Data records
BEGIN
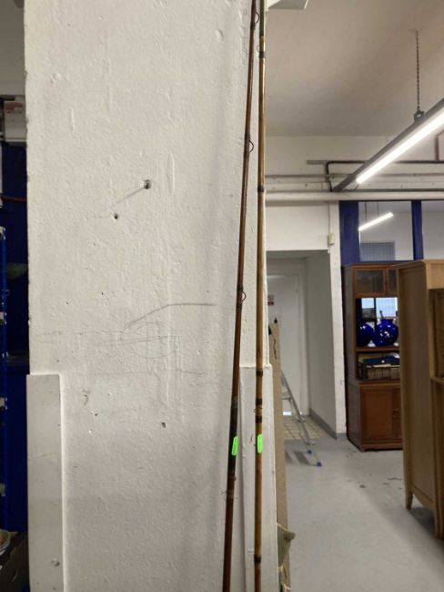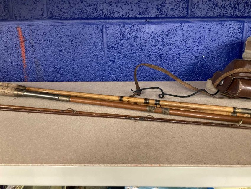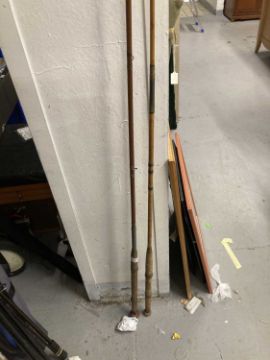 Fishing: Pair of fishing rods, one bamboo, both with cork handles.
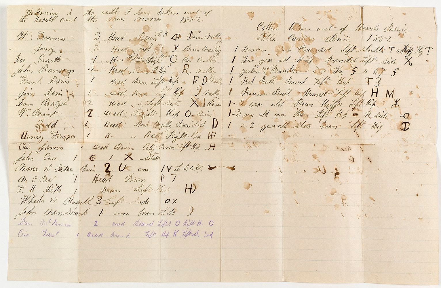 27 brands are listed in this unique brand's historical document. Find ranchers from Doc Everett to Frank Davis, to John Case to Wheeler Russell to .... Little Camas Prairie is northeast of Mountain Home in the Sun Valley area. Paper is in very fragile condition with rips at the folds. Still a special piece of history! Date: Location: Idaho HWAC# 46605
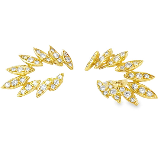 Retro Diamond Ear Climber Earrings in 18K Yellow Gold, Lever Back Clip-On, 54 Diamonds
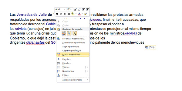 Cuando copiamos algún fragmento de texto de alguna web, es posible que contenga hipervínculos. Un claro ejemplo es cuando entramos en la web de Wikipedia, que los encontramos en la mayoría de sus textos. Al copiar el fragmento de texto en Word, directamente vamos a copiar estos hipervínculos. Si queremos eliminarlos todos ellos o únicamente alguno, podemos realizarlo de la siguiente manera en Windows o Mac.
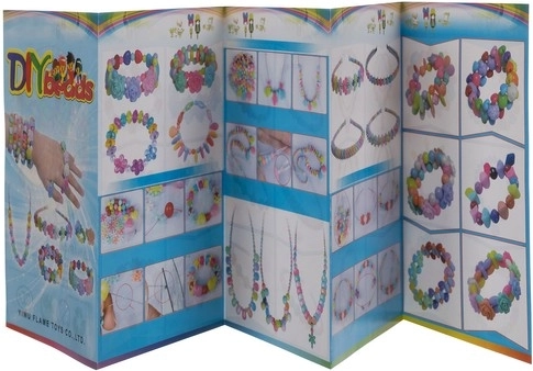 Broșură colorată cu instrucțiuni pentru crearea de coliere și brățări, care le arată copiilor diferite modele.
END
» Exercise:
Word for word, retype the lines from the one that contains "Retro Diamond Ear" through the final line of the data, both ends included, excluding pictures.

» The answer:
 Retro Diamond Ear Climber Earrings in 18K Yellow Gold, Lever Back Clip-On, 54 Diamonds
 Cuando copiamos algún fragmento de texto de alguna web, es posible que contenga hipervínculos. Un claro ejemplo es cuando entramos en la web de Wikipedia, que los encontramos en la mayoría de sus textos. Al copiar el fragmento de texto en Word, directamente vamos a copiar estos hipervínculos. Si queremos eliminarlos todos ellos o únicamente alguno, podemos realizarlo de la siguiente manera en Windows o Mac.
 Broșură colorată cu instrucțiuni pentru crearea de coliere și brățări, care le arată copiilor diferite modele.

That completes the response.